PROBLEM REQUIREMENTS | Take the lines from the one containing "PERU, Lima, cob" through the final line below and restate them exactly. Omit the pictures.

· · · · · · ·

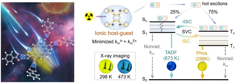 Recently, the research team of Professor Zhao Weijun and Academician Zhu Weihong from the School of Chemistry and Molecular Engineering, ECUST, has made important progress in the research of ultra-high temperature organic triplet scintillator, and the related research article was published in the Journal of American Chemical Society under the title of “Organic Ionic Host–Guest Phosphor with Dual-Confined Nonradiation forConstructing Ultrahigh-Temperature X-ray Scintillator”.
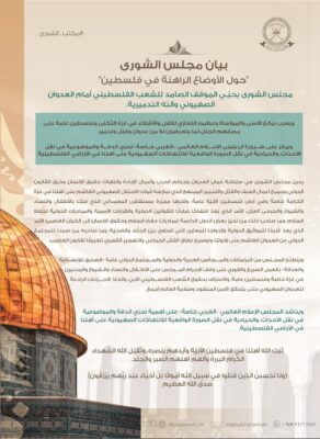 اصدر مجلس الشورى العماني بيانًا حول الأوضاع الراهنة في “فلسطين” ، حيا فيه الموقف الصامد للشعب الفلسطيني أمام العدوان الصهيوني .
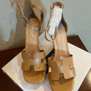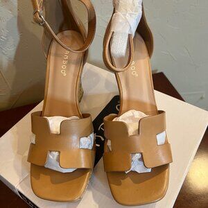 NEW Women's Bamboo Tan Strappy Wedge Heel Open Toed Heel - 6.5
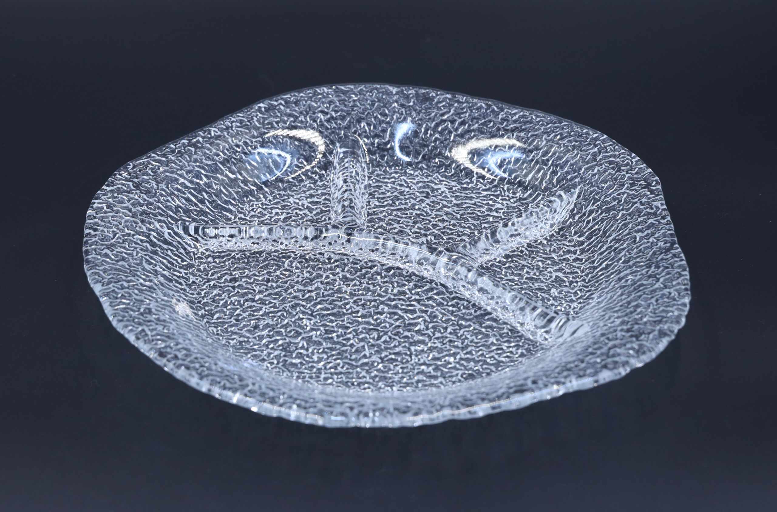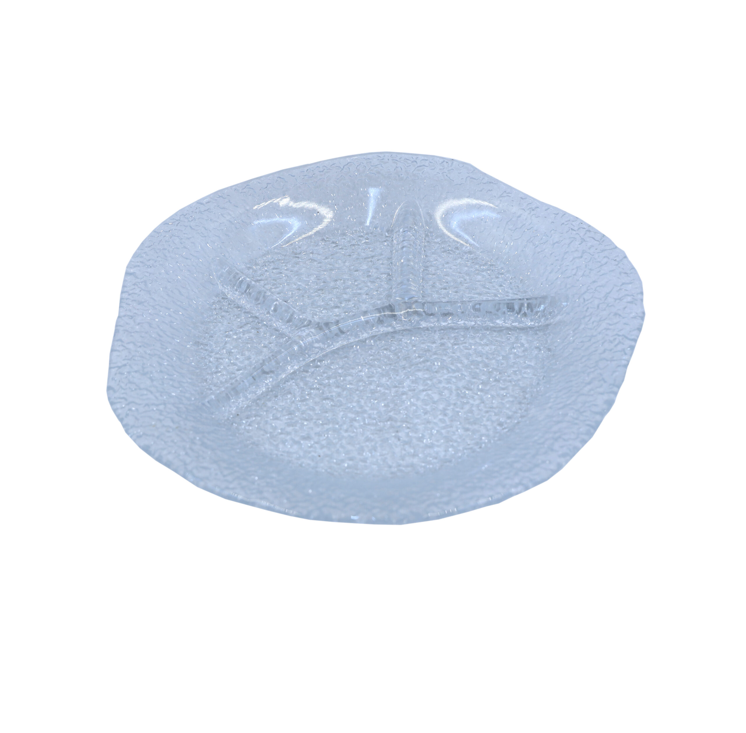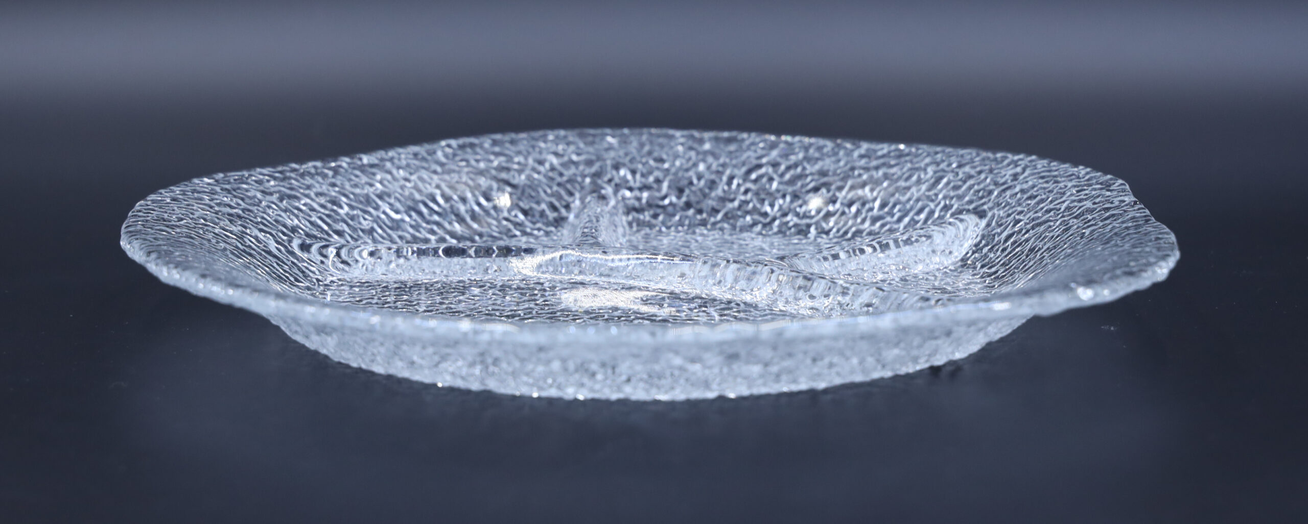 Bezbarwny, dzielony półmisek ze szkła prasowanego. Wzór “Sahara”, zaprojektowany przez Jana Sylwestra Drosta, wyprodukowana w Hucie Szkła Ząbkowice w latach 70-tych.
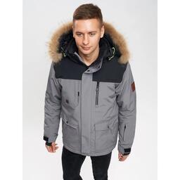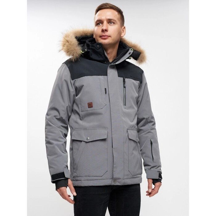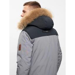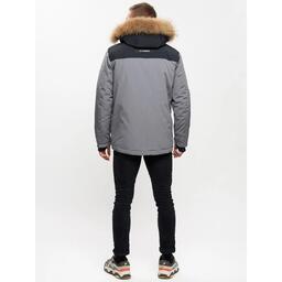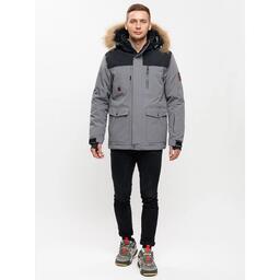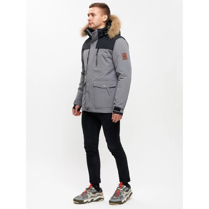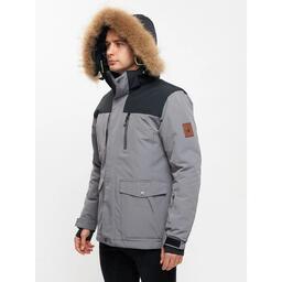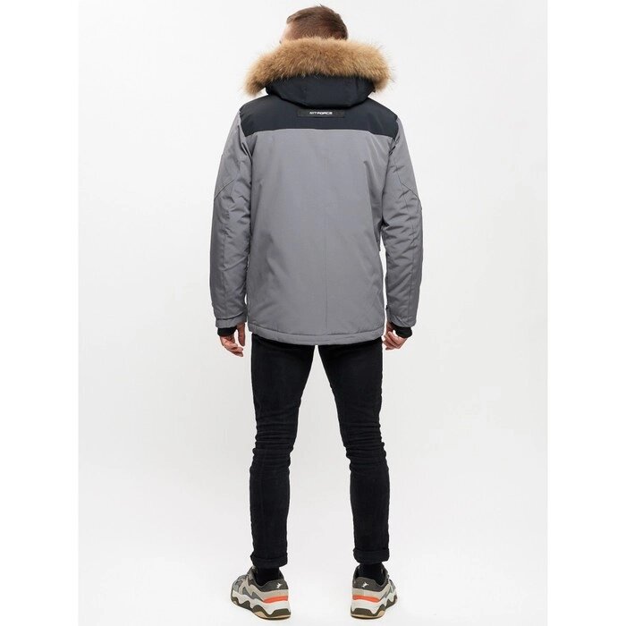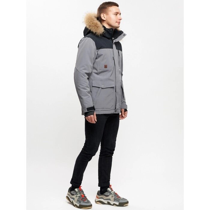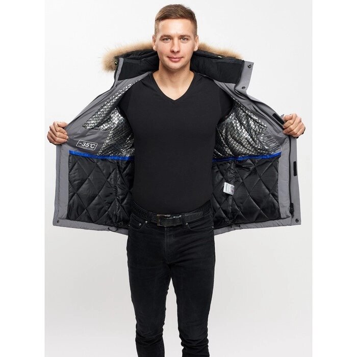 Куртка зимняя мужская удлиненная с мехом серого цвета, размер 56
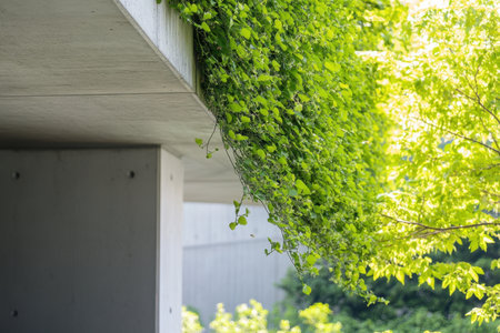 Vibrant green vines gracefully cascade down from a concrete overhang blending nature and architecture on a sunny day.
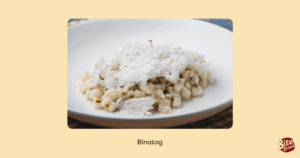 Binatog, bualaw, or kinulti is a corn snack peddled usually as a mid-afternoon treat. White corn kernels are soaked in water until puffed then boiled down until the skin splits and the consistency and texture becomes sticky and tender. You can either enjoy it sweet with sugar or salty with a pinch of salt but the main add-on is a small mound of grated niyog to add texture and taste.
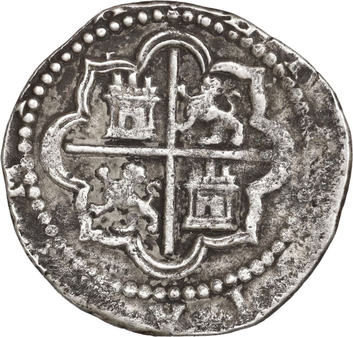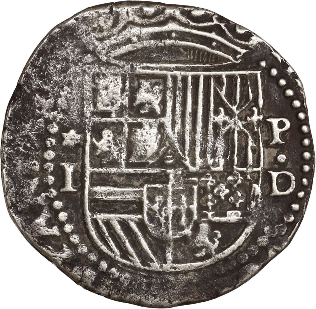 PERU, Lima, cob 1 real, Philip II, assayer Diego de la Torre, *-I to left, P-oD to right, ex-Ugaz. S-L4; KM-7; Cal-212. 3.16 grams. Very sharp XF+ with contrasting toning but somewhat porous from oxidation, the shield and cross particularly well detailed. Pedigreed to the Jorge Ugaz Collection.
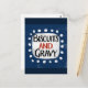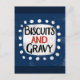 Ein lustiges und niedliches typografisches Design, das "Biscuits And Gravy" sagt. Er hat schwarz-roten Text auf einem weißen Rechteck mit funky, spielerisch weißen Punkten, die ihn umgeben, alle auf blauem Hintergrund.
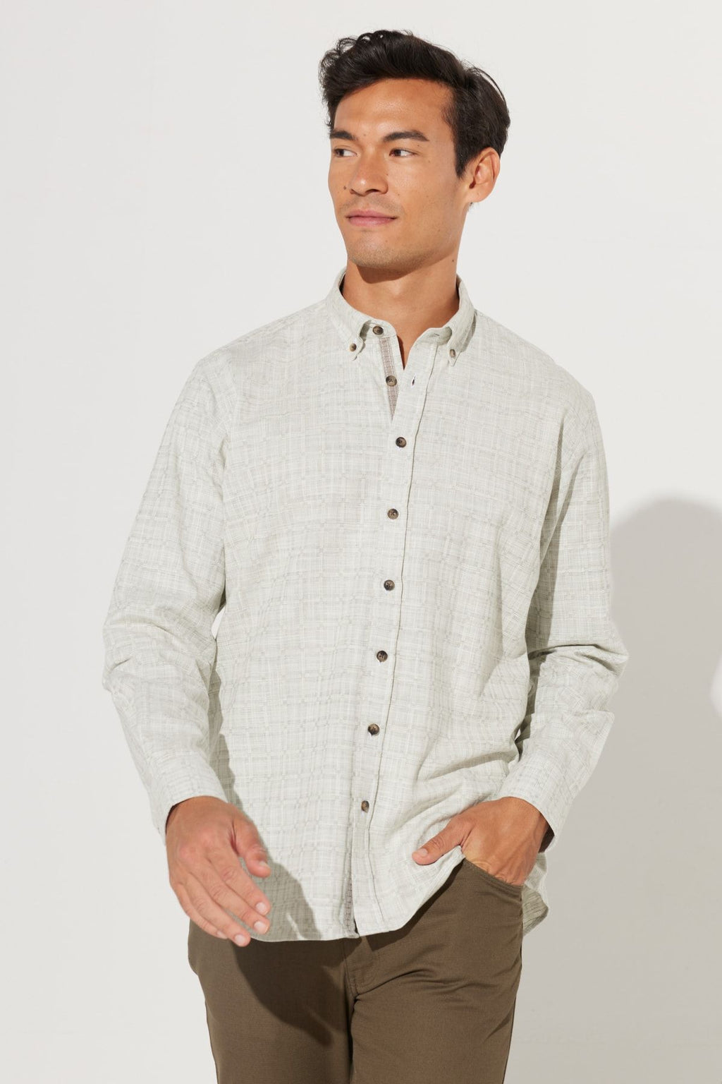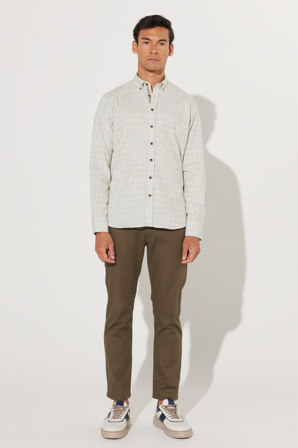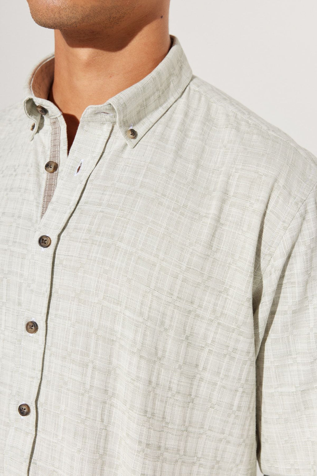 Men's Green Comfort Fit Casual Cutting Buttoned Neck Clause 100 %Cotton FLAME SHIRT

· · · · · · ·

WRITTEN REPLY |
 PERU, Lima, cob 1 real, Philip II, assayer Diego de la Torre, *-I to left, P-oD to right, ex-Ugaz. S-L4; KM-7; Cal-212. 3.16 grams. Very sharp XF+ with contrasting toning but somewhat porous from oxidation, the shield and cross particularly well detailed. Pedigreed to the Jorge Ugaz Collection.
 Ein lustiges und niedliches typografisches Design, das "Biscuits And Gravy" sagt. Er hat schwarz-roten Text auf einem weißen Rechteck mit funky, spielerisch weißen Punkten, die ihn umgeben, alle auf blauem Hintergrund.
 Men's Green Comfort Fit Casual Cutting Buttoned Neck Clause 100 %Cotton FLAME SHIRT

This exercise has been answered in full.